Stored items from a collection:
((
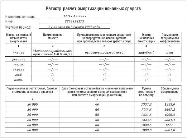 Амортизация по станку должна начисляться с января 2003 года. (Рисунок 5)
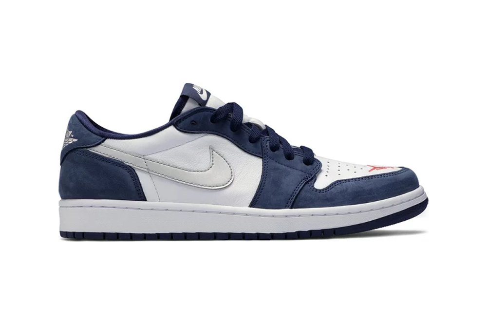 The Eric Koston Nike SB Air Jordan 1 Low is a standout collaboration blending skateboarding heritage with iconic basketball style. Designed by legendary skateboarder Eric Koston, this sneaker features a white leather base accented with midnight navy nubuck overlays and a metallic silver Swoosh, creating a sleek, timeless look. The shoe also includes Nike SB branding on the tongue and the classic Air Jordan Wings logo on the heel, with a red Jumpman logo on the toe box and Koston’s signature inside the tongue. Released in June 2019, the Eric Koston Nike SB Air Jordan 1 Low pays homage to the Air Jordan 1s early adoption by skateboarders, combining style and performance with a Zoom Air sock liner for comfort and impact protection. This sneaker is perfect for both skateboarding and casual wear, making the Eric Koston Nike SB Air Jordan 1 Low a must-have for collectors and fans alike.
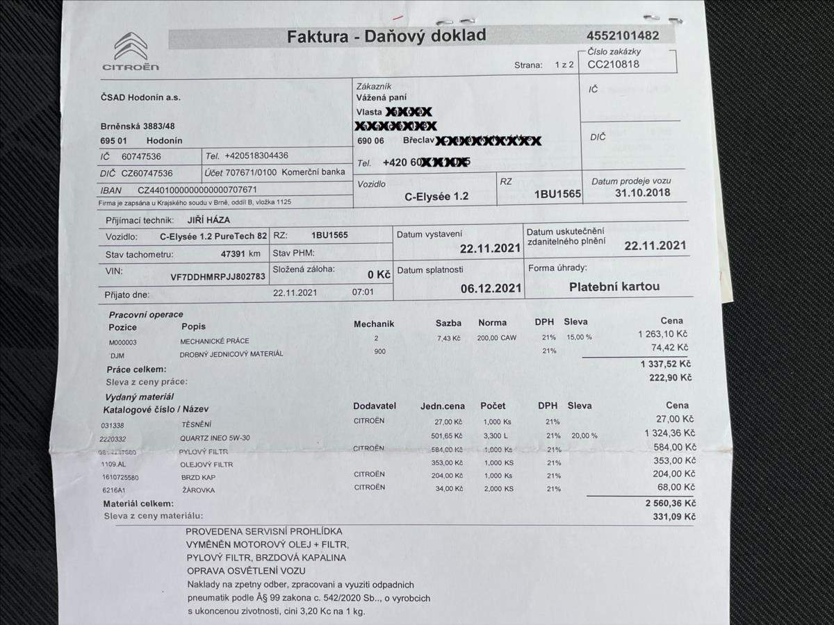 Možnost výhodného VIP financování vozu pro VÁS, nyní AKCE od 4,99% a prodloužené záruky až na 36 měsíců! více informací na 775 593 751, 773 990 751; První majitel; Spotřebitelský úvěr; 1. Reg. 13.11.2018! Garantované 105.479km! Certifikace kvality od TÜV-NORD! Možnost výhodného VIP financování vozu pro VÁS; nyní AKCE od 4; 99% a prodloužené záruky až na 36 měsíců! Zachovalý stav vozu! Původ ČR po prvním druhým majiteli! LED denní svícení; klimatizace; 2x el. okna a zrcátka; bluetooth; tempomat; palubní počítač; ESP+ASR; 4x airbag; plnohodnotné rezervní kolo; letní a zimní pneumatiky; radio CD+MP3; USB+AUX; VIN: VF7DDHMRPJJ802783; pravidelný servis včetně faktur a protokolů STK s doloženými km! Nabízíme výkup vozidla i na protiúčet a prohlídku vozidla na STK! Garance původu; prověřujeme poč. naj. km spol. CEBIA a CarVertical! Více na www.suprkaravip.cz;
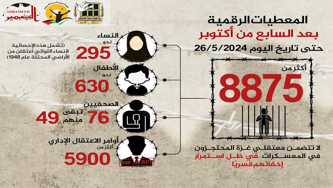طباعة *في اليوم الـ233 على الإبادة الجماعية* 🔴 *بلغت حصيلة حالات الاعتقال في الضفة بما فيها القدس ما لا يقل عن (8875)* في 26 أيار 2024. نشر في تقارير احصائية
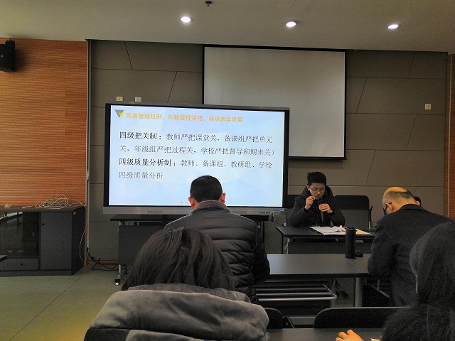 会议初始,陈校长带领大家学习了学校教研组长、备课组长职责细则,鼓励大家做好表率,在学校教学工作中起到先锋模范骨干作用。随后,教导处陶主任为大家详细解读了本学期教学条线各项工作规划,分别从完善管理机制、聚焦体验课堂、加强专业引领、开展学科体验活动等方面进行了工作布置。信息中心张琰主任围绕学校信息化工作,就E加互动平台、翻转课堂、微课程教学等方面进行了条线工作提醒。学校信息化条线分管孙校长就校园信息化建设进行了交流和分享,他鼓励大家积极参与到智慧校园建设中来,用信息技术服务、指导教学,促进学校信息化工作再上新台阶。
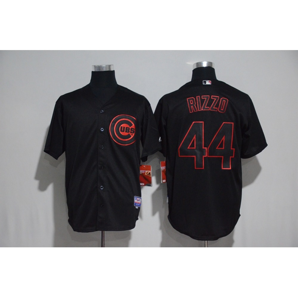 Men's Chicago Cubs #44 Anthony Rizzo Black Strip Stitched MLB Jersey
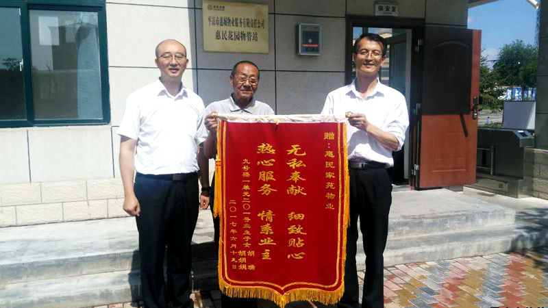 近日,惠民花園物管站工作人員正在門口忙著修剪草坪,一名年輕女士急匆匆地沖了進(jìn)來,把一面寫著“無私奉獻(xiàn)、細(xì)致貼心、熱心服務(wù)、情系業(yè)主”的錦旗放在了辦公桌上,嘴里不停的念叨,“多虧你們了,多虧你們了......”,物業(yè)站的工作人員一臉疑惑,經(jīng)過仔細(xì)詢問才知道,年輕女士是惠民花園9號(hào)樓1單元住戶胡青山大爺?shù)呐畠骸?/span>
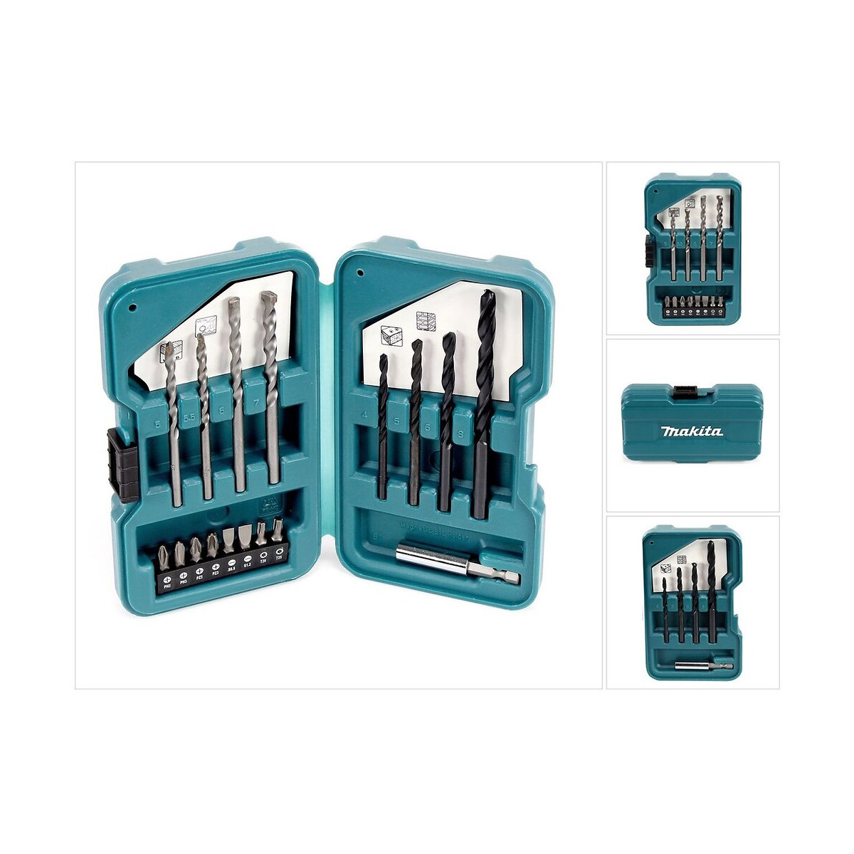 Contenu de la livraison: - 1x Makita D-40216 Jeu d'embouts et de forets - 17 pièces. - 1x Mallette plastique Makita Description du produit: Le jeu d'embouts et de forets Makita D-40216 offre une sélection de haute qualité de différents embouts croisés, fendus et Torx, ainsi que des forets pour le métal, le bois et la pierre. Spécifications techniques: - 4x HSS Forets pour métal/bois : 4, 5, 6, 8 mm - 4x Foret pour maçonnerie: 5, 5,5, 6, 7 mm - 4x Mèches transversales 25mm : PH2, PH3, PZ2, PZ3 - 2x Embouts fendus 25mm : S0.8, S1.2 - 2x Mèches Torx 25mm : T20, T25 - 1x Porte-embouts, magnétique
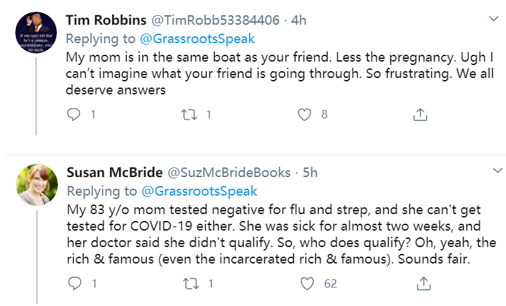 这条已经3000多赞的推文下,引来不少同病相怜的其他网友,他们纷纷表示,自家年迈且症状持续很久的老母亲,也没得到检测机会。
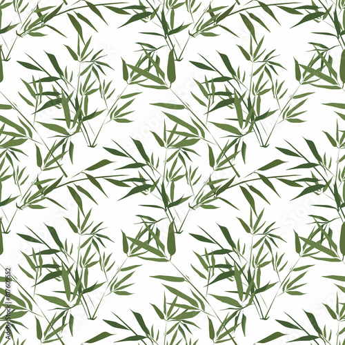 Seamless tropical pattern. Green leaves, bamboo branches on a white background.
))
Exercise objective >> Copy exactly the lines of the entries above from the one containing "会议初始,陈校长带领大家学习" through the one containing "近日,惠民花園物管站工作人員". Both end lines count; pictures do not.

Exercise result >>
 会议初始,陈校长带领大家学习了学校教研组长、备课组长职责细则,鼓励大家做好表率,在学校教学工作中起到先锋模范骨干作用。随后,教导处陶主任为大家详细解读了本学期教学条线各项工作规划,分别从完善管理机制、聚焦体验课堂、加强专业引领、开展学科体验活动等方面进行了工作布置。信息中心张琰主任围绕学校信息化工作,就E加互动平台、翻转课堂、微课程教学等方面进行了条线工作提醒。学校信息化条线分管孙校长就校园信息化建设进行了交流和分享,他鼓励大家积极参与到智慧校园建设中来,用信息技术服务、指导教学,促进学校信息化工作再上新台阶。
 Men's Chicago Cubs #44 Anthony Rizzo Black Strip Stitched MLB Jersey
 近日,惠民花園物管站工作人員正在門口忙著修剪草坪,一名年輕女士急匆匆地沖了進(jìn)來,把一面寫著“無私奉獻(xiàn)、細(xì)致貼心、熱心服務(wù)、情系業(yè)主”的錦旗放在了辦公桌上,嘴里不停的念叨,“多虧你們了,多虧你們了......”,物業(yè)站的工作人員一臉疑惑,經(jīng)過仔細(xì)詢問才知道,年輕女士是惠民花園9號(hào)樓1單元住戶胡青山大爺?shù)呐畠骸?/span>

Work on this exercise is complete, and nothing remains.